-- PROVIDED MATERIAL follows --

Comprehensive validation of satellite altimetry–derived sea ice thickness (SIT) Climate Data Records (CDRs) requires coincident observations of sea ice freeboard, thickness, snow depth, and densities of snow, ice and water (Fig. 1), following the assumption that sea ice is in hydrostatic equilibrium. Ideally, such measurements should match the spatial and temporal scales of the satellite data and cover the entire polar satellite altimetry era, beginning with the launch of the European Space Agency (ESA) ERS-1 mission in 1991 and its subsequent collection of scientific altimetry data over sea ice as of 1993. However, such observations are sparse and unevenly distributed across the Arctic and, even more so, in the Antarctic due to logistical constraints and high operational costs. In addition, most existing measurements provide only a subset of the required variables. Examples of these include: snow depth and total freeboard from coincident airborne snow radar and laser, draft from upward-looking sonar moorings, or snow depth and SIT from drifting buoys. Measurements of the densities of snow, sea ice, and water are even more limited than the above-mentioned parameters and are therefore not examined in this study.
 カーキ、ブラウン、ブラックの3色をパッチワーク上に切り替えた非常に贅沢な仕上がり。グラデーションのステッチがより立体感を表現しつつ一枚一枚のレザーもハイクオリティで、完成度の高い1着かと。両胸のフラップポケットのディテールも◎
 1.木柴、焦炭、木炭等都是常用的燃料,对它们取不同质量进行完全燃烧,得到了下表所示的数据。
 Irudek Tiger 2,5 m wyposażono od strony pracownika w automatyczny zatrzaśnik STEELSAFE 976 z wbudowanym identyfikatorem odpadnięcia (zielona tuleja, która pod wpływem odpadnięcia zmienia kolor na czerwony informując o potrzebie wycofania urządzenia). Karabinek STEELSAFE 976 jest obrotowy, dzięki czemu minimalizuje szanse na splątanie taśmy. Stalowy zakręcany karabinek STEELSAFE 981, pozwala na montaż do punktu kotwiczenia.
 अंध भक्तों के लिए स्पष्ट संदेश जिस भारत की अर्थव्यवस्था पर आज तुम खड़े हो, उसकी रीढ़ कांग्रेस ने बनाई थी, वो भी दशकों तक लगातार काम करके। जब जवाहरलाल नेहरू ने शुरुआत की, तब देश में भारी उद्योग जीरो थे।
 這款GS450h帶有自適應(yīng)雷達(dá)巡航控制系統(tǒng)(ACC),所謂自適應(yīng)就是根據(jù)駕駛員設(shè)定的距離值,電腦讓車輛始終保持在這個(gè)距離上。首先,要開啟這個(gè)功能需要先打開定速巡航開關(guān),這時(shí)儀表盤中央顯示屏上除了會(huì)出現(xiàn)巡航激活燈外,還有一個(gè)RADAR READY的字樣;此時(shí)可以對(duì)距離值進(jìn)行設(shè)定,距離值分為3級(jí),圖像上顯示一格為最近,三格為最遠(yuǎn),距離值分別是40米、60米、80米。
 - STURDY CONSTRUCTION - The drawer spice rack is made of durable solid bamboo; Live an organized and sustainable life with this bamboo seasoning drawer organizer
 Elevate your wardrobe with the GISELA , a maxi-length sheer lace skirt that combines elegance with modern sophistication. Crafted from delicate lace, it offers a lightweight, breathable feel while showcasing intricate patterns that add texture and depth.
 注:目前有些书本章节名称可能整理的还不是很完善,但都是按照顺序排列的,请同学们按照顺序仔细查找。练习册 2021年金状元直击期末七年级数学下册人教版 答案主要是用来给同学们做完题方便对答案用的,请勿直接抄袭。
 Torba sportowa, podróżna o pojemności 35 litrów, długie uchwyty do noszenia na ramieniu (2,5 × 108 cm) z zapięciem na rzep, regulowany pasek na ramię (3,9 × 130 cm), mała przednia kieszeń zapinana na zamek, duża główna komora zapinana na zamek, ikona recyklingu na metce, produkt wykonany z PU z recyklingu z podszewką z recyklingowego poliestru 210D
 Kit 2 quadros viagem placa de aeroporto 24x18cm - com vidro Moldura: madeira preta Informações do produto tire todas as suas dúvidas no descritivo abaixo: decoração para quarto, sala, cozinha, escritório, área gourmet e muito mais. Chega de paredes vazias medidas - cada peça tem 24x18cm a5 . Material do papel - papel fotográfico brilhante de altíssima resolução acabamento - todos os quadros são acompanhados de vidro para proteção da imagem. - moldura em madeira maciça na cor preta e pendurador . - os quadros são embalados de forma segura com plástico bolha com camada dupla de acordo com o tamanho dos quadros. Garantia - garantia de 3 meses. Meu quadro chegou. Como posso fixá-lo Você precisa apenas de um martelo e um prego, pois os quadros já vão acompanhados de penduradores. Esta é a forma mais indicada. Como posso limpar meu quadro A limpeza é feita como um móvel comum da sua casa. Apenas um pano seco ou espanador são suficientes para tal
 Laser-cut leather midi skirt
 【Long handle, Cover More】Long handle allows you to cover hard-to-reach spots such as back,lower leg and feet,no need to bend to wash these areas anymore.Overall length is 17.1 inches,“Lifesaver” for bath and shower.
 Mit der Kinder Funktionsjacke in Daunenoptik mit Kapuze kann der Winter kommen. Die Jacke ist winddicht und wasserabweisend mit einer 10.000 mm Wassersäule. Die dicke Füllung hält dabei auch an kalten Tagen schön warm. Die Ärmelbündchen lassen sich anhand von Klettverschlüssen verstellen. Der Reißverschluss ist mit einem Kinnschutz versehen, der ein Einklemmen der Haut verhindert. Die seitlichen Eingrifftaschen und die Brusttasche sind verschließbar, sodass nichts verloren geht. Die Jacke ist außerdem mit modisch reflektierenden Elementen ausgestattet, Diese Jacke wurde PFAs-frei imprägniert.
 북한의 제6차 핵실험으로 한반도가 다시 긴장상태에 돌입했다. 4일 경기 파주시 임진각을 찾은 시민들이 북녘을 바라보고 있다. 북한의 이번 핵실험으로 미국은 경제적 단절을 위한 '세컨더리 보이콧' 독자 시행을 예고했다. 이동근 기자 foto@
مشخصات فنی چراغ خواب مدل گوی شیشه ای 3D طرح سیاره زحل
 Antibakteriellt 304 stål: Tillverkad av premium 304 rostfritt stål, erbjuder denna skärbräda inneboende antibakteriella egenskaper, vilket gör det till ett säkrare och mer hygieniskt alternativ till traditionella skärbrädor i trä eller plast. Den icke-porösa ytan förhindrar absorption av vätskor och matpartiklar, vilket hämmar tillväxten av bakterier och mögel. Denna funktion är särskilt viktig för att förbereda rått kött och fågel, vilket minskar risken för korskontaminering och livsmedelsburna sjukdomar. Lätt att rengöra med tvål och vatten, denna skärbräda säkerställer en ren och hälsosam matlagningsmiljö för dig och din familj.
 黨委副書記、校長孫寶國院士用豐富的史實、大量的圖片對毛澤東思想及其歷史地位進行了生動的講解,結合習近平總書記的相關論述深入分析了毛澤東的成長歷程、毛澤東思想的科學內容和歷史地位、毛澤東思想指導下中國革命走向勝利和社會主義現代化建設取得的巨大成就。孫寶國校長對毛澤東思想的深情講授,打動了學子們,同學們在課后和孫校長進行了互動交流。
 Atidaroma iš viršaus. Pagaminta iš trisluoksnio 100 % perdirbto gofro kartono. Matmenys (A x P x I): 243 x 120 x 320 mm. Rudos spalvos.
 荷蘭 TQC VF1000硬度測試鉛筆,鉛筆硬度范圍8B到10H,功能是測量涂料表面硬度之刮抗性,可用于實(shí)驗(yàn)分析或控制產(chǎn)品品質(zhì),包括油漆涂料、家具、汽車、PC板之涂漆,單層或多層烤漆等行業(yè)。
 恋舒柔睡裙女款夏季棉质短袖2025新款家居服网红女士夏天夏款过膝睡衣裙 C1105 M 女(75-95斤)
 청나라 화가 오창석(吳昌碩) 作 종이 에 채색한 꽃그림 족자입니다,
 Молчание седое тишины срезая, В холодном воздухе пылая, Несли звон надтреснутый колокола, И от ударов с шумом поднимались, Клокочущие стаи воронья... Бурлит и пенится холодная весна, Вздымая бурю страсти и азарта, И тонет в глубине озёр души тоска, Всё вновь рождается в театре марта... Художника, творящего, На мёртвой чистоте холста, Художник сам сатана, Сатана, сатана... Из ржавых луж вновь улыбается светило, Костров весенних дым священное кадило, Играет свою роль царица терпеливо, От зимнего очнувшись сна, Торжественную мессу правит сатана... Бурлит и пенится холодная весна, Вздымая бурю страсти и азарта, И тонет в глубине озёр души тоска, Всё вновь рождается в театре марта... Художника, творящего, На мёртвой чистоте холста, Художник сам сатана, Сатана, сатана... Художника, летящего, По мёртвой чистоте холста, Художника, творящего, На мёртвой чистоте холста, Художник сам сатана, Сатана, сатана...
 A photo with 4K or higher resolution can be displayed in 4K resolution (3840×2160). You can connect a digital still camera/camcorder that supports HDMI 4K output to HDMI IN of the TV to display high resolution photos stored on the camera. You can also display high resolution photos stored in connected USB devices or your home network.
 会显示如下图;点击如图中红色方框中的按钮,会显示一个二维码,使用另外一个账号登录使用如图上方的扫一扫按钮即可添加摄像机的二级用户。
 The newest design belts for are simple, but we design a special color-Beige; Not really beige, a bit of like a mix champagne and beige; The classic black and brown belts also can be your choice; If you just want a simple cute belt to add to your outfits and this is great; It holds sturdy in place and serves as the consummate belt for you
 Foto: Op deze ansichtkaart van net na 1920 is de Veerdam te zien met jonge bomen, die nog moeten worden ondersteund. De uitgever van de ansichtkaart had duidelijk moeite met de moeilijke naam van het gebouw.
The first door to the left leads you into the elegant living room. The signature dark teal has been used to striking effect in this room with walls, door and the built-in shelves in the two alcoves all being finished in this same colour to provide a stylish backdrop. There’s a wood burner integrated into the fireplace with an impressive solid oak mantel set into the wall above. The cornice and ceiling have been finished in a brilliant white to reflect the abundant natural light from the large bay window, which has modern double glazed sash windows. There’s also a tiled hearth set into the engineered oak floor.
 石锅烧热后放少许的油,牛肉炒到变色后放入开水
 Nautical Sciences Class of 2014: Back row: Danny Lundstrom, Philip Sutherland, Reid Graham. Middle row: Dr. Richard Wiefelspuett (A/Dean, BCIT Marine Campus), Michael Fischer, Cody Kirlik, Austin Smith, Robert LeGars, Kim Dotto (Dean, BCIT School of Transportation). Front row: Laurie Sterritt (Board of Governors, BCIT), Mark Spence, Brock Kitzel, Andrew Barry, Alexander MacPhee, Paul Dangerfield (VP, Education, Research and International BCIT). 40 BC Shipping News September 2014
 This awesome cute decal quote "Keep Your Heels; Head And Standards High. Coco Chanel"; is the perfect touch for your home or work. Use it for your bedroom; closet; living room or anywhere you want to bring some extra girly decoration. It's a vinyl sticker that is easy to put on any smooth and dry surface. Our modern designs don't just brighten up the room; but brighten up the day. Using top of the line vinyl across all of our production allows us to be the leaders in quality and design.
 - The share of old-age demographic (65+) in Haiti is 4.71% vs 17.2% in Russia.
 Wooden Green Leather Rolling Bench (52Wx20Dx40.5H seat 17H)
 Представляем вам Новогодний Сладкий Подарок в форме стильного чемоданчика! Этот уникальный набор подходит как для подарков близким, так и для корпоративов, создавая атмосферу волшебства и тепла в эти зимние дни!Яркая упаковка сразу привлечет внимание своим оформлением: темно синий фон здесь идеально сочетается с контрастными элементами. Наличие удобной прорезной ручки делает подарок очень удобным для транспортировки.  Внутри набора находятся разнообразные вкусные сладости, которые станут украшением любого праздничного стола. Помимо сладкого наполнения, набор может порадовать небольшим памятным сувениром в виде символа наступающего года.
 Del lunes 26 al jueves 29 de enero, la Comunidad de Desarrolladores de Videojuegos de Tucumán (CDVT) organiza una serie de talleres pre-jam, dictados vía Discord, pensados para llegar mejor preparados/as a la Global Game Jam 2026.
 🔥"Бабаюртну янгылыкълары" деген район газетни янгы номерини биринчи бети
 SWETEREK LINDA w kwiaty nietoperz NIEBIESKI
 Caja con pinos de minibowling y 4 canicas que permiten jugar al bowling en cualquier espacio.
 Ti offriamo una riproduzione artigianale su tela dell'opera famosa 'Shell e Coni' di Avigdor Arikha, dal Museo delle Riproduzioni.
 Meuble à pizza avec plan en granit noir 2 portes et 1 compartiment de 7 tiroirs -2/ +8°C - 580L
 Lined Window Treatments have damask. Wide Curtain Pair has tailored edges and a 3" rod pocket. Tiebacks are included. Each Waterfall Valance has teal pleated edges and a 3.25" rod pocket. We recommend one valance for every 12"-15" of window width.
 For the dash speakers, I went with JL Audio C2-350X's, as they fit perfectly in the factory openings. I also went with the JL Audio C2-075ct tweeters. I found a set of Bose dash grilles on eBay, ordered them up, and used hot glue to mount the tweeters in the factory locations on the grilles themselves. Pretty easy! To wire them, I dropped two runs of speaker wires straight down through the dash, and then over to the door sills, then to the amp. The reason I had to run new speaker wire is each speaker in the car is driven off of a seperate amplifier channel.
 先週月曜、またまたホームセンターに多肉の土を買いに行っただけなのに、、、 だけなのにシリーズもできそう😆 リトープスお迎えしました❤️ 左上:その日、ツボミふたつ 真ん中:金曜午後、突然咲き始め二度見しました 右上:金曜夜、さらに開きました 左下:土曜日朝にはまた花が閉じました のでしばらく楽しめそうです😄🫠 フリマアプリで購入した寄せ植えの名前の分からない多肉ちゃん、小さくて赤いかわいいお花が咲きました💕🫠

-- PROVIDED MATERIAL concluded --

• EXERCISE INSTRUCTIONS: Take every line above where "easy" appears and copy it.

• SOLUTION:
 This awesome cute decal quote "Keep Your Heels; Head And Standards High. Coco Chanel"; is the perfect touch for your home or work. Use it for your bedroom; closet; living room or anywhere you want to bring some extra girly decoration. It's a vinyl sticker that is easy to put on any smooth and dry surface. Our modern designs don't just brighten up the room; but brighten up the day. Using top of the line vinyl across all of our production allows us to be the leaders in quality and design.
 For the dash speakers, I went with JL Audio C2-350X's, as they fit perfectly in the factory openings. I also went with the JL Audio C2-075ct tweeters. I found a set of Bose dash grilles on eBay, ordered them up, and used hot glue to mount the tweeters in the factory locations on the grilles themselves. Pretty easy! To wire them, I dropped two runs of speaker wires straight down through the dash, and then over to the door sills, then to the amp. The reason I had to run new speaker wire is each speaker in the car is driven off of a seperate amplifier channel.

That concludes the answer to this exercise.